** THE DATA follows **
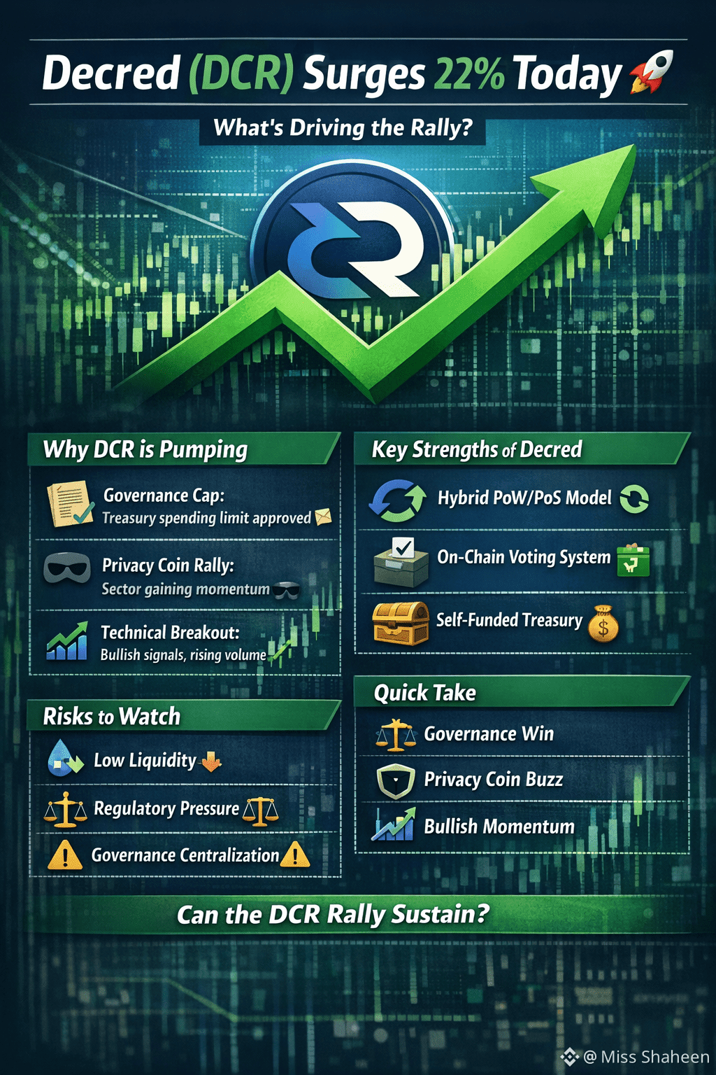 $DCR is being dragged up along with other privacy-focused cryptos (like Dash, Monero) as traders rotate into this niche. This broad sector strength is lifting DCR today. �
** End of THE DATA **
** THE DATA follows **
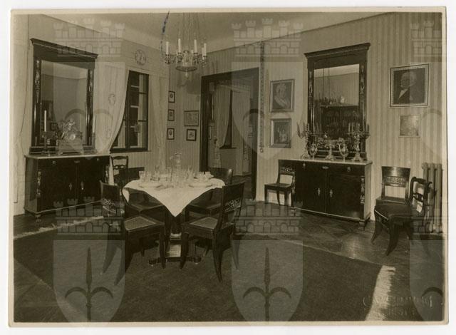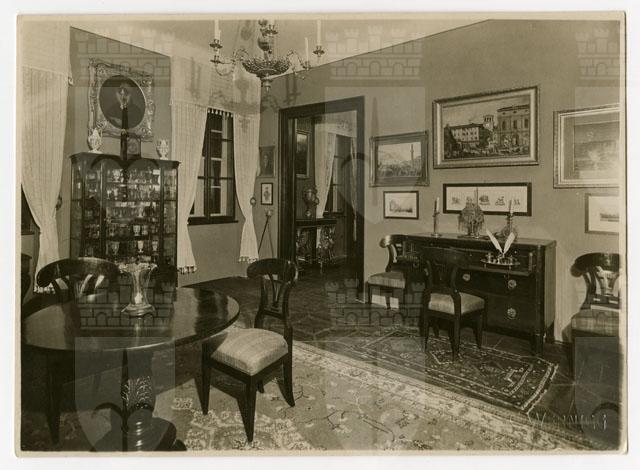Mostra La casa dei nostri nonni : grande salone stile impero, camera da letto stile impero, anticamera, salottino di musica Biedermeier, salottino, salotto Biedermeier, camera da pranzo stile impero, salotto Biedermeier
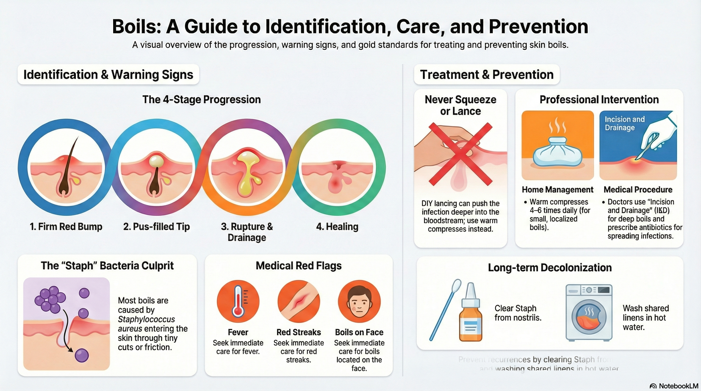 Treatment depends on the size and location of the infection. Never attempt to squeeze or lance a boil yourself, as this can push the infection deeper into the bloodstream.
** End of THE DATA **
** TASK STATEMENT **
What is wanted is an exact copy of the lines above from the one containing "Mostra La casa" through the one containing "Treatment depends on", with no pictures in it.

** SOLUTION BELOW **
Mostra La casa dei nostri nonni : grande salone stile impero, camera da letto stile impero, anticamera, salottino di musica Biedermeier, salottino, salotto Biedermeier, camera da pranzo stile impero, salotto Biedermeier
 Treatment depends on the size and location of the infection. Never attempt to squeeze or lance a boil yourself, as this can push the infection deeper into the bloodstream.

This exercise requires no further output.